We opened a good many nests in the course of the summer, and found them all very much alike, much more so than is the case with other species. The entrance tunnel runs in obliquely for from three to five inches below the surface of the ground, and ends in a pocket.
We grow accustomed to marvels, and from our familiarity with other wasps we take as a matter of course the unerring accuracy with which Bembex swoops down upon the exact spot at which the entrance to her nest is hidden. And yet how strange a power it is! There is not the least sign to help her—not a stone, not a blade of grass is to be seen on the field. Our method of marking a nest which we wished to find again was to place tiny pebbles at exactly equal distances from it, one on either side, so that the middle point of the straight line between them gave us the desired spot; and the wasp doubtless uses the same method, only her landmarks are sometimes so infinitesimal that we do not recognize them.
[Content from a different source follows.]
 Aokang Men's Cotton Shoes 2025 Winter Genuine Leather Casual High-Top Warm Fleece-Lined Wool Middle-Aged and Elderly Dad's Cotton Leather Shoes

Bouvier finds that when he cuts away the plants around the nest of B. labiatus, clearing a space of twenty-eight or thirty inches square, the wasp is much confused, flying about for a long time before she is able to find her home. He once placed a flat stone over the entrance. The wasp alighted upon it, and after scratching vainly for a while made her way in. The stone was left in this position for two days, during which time Bembex learned to regard it as a landmark, for upon its being removed to a distance of eight inches she still followed it upon returning with her fly, and insisted upon finding her nest near it.
NEST OF BEMBEX
An observation of Marchand points to the same conclusion. He says:—
On July seventeenth, 1900, during a short sojourn at Pouliguen, on returning from a hunt after Diptera and Hymenoptera in the cliffs of Caudan, about eleven in the morning, in tropical heat, I paused to take breath near the old mill of Caudan and looked about for a little shade before continuing my walk to Pen-Château. I had seated myself on the stones of a slope shaded from the sun and was wiping the perspiration from my forehead, when I saw a large wasp arrive directly before me. I instinctively followed it with my eyes; it paused some yards from the mill on the side of the cliff, and began to open a nest which was placed scarcely twenty inches from the foot of a swallow-wort, a rather common plant in the neighborhood of the ruin. She was Bembex rostrata at work at provisioning her nest.
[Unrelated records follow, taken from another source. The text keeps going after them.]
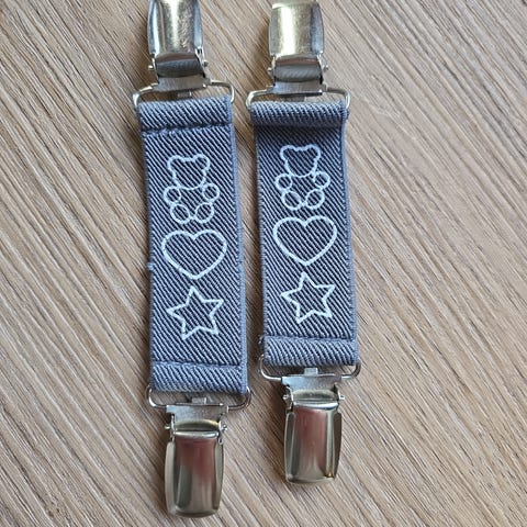 Kaksi erillistä mustaa kuminauhaa, joissa molemmissa päissä nipsut. Olisko lapaspidike oikea termi.
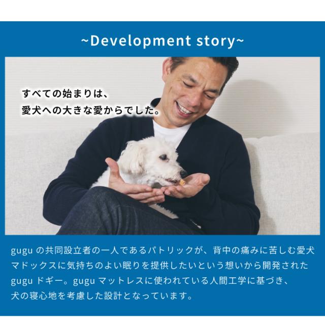 人間と同じフォームを贅沢に使用したguguドギーベッドは、10年以上の耐久性があり1度購入すれば再度買い替える必要はありません。自分の匂いがする場所にいるとリラックスできるワンちゃんにとって、ずっと変わらない「いつも安心できる場所」を。取り外し可能なカバーは洗濯も可能で、ずっと清潔に使用することができます。また、ライフサイクルの変化によりインテリアが変わっても自然と部屋に馴染むシンプルでミニマルなデザインに。大切な愛犬が子犬からシニアになっても、いつでも安心して快適にくつろげるように姿を見守れるようにと考えられたライフタイム・デザインのベッドを実現しました。
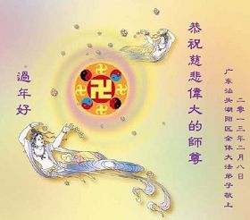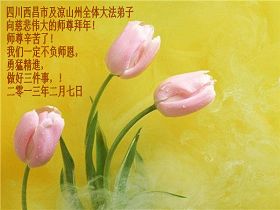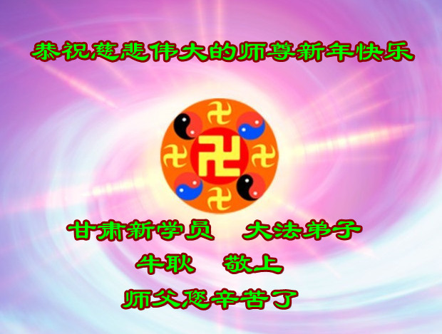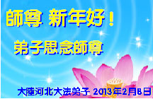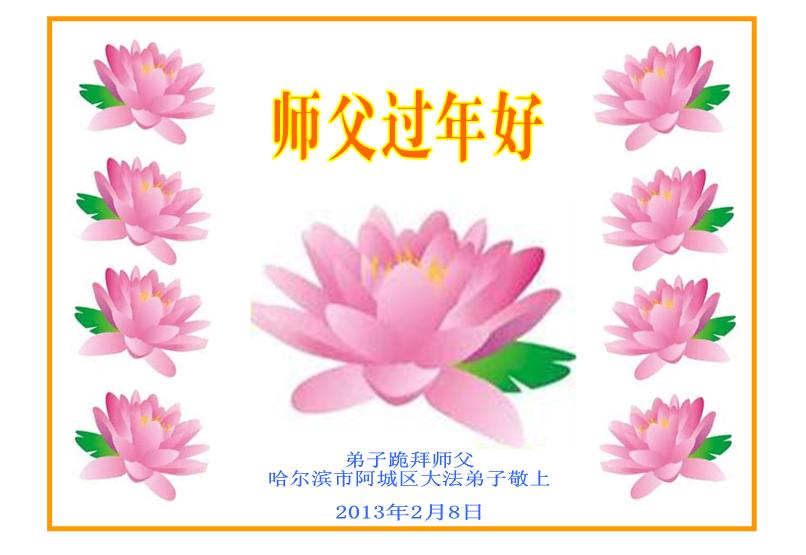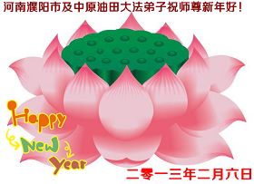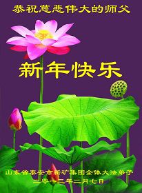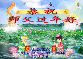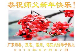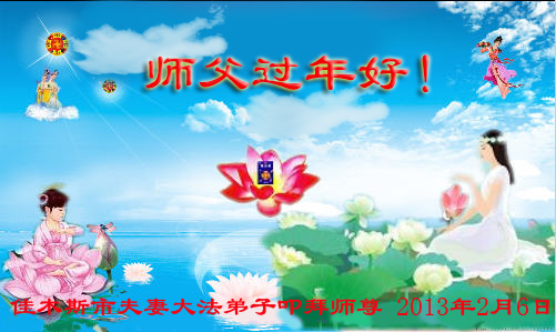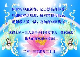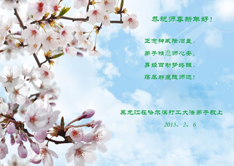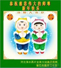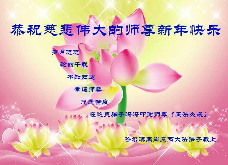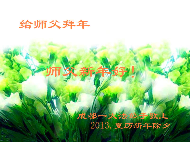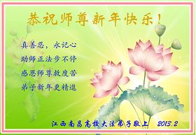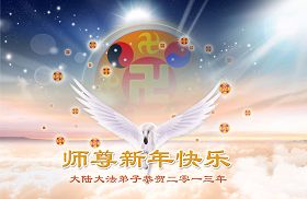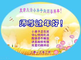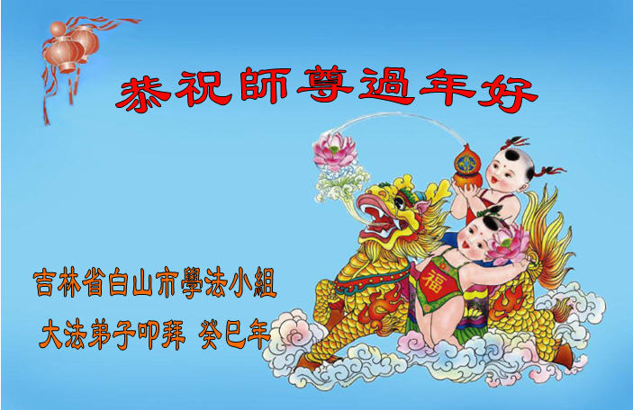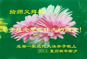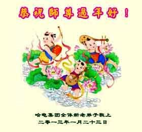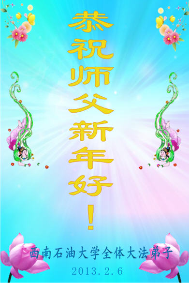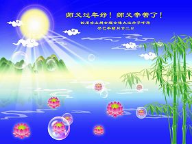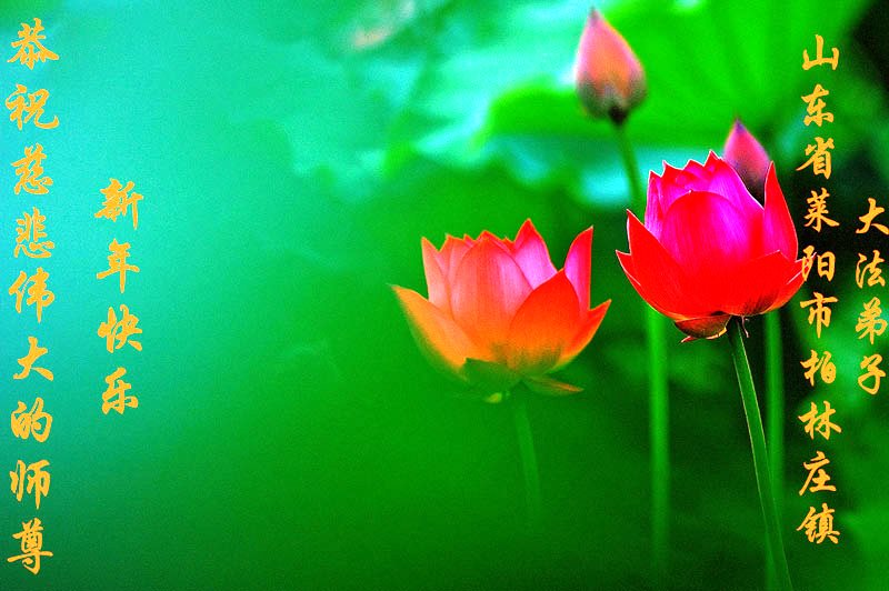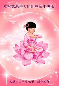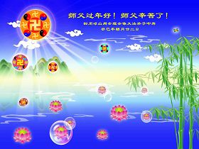 我是在大法中受益的,是李洪志师父给了我第二次生命,我非常感谢大法师父的洪恩浩荡,我会尽我的所能,告诉世人大法的美好,在此新春佳节之际祝李 老师新春快乐!!

Moved by curiosity, instead of going on to breakfast, I awaited the exit from the nest, which took place in about five minutes. Bembex scratched the sand and took flight from the side of the cliff. How long would she be away? I looked at my watch and arose.
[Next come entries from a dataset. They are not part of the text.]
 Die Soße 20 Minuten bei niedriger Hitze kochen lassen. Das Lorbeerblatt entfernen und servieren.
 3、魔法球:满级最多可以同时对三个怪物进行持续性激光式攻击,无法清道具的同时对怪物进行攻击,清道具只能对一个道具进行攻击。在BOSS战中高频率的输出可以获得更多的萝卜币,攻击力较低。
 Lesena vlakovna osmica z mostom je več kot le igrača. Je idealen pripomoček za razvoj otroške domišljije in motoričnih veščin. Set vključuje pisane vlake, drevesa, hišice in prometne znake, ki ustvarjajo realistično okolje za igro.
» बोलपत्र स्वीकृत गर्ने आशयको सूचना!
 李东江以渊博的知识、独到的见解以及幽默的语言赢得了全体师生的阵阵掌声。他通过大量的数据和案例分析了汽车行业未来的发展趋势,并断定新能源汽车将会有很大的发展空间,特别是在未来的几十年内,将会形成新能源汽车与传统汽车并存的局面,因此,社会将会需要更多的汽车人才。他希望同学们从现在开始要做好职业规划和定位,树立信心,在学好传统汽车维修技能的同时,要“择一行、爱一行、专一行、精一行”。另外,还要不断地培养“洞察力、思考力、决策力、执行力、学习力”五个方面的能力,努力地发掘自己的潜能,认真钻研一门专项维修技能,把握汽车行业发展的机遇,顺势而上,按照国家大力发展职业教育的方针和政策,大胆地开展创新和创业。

Ought I to go or to wait a little while? I took the latter decision. Out of malice, and without any idea of trying a control experiment to the admirable observations which science owes to the naturalist of Sérignan, of whom I was not thinking at all, I cut close to the sand the stalk of the swallow-wort and planted it a little nearer the mill, moving it about two feet, and being careful to put in place of the plant a little fragment of a bottle which I found in the mill. I seated myself in the shade and waited. Twenty minutes later the wasp dropped straight on to the place where I had cut the plant, that is to say, it deviated from its nest by a distance about equal to the displacement to which I had subjected the swallow-wort. It walked right and left, agitating its antennæ, appearing confused as to the locality. I followed these goings and comings for two or three minutes. Several times it flew away and then returned, always searching about. Pitying it and desiring, since I was now relieved of the fatigue which the heat had caused me, to go back to breakfast, I took my net and drawing near, made as if to catch it, swinging the pocket rapidly about. It veered away with a quick jerk of the wings. I then took up the swallow-wort, lifting the fragment which marked its original place, and replanted it in the sand.